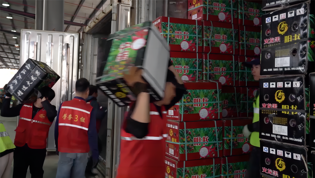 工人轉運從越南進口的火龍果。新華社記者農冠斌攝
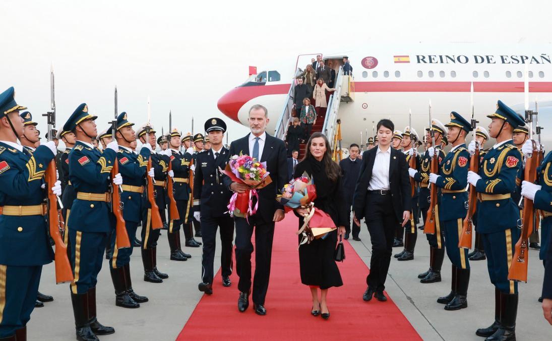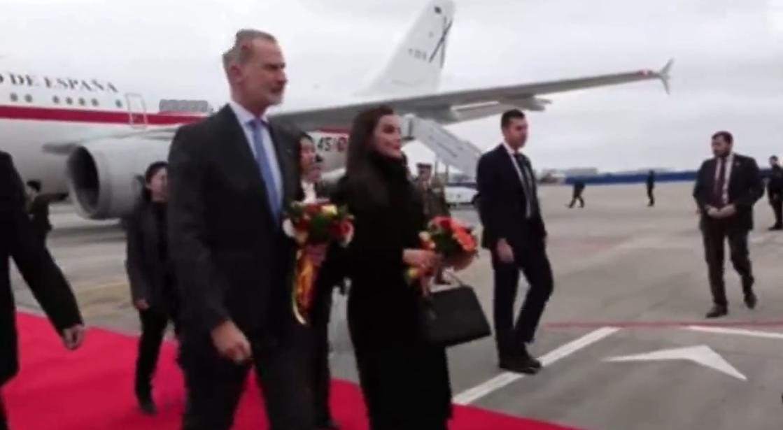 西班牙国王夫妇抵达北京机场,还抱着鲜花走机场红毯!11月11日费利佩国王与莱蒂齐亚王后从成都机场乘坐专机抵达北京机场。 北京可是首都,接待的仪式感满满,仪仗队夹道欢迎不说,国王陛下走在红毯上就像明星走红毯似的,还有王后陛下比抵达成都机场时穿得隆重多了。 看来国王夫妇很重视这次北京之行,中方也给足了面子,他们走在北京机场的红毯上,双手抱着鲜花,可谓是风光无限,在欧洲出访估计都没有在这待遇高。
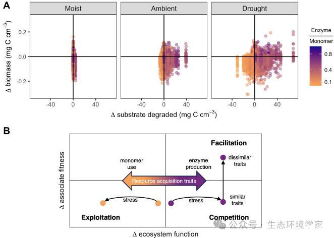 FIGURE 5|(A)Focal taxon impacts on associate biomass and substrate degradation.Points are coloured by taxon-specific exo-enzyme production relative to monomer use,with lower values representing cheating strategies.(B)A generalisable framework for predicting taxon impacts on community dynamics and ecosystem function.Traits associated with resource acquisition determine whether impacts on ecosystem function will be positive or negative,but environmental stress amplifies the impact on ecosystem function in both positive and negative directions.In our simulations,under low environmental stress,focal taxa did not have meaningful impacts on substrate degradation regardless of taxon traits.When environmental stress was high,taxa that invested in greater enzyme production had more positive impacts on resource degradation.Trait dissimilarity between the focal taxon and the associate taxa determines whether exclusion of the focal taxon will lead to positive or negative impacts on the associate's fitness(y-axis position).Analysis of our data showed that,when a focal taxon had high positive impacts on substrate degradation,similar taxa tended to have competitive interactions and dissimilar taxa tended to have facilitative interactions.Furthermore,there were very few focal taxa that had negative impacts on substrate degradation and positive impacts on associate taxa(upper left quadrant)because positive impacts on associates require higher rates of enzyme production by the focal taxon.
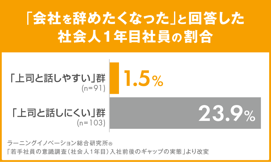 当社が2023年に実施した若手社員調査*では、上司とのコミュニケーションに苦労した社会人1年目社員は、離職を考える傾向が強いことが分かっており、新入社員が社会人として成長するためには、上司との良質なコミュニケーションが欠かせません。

◆ ◆ ◆ ◆ ◆

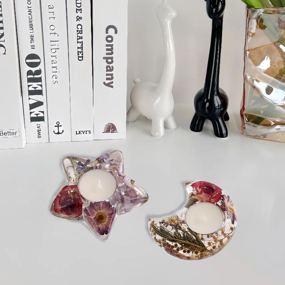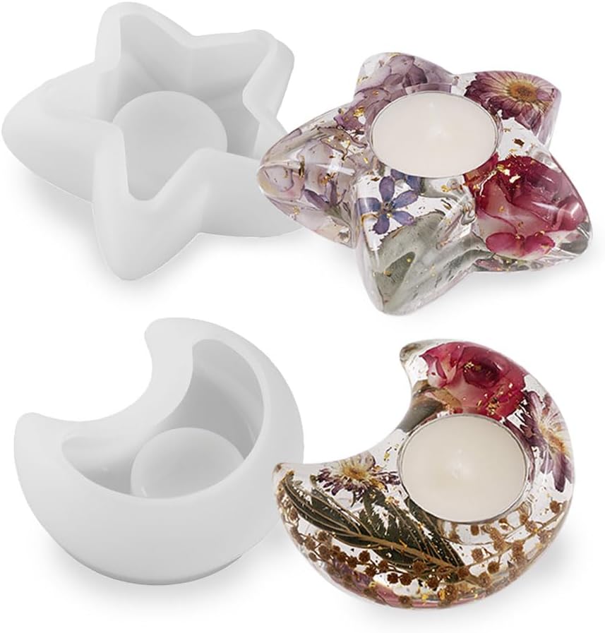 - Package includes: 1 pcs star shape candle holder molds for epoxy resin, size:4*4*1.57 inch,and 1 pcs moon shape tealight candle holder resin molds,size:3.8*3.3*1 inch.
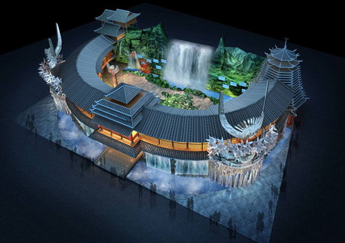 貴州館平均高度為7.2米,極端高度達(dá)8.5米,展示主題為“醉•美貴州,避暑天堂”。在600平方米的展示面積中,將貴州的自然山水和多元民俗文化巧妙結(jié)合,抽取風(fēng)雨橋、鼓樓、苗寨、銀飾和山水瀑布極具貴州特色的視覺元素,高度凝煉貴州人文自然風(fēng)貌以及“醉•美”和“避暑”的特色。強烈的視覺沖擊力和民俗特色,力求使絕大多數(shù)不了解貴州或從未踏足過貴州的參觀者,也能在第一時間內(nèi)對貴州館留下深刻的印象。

◆ ◆ ◆ ◆ ◆

Copy nothing but the lines above from the one with "- Package includes: 1" to the one with "貴州館平均高度為7.2米,極", inclusive, word for word. Leave every picture out.

» Output for this exercise:
 - Package includes: 1 pcs star shape candle holder molds for epoxy resin, size:4*4*1.57 inch,and 1 pcs moon shape tealight candle holder resin molds,size:3.8*3.3*1 inch.
 貴州館平均高度為7.2米,極端高度達(dá)8.5米,展示主題為“醉•美貴州,避暑天堂”。在600平方米的展示面積中,將貴州的自然山水和多元民俗文化巧妙結(jié)合,抽取風(fēng)雨橋、鼓樓、苗寨、銀飾和山水瀑布極具貴州特色的視覺元素,高度凝煉貴州人文自然風(fēng)貌以及“醉•美”和“避暑”的特色。強烈的視覺沖擊力和民俗特色,力求使絕大多數(shù)不了解貴州或從未踏足過貴州的參觀者,也能在第一時間內(nèi)對貴州館留下深刻的印象。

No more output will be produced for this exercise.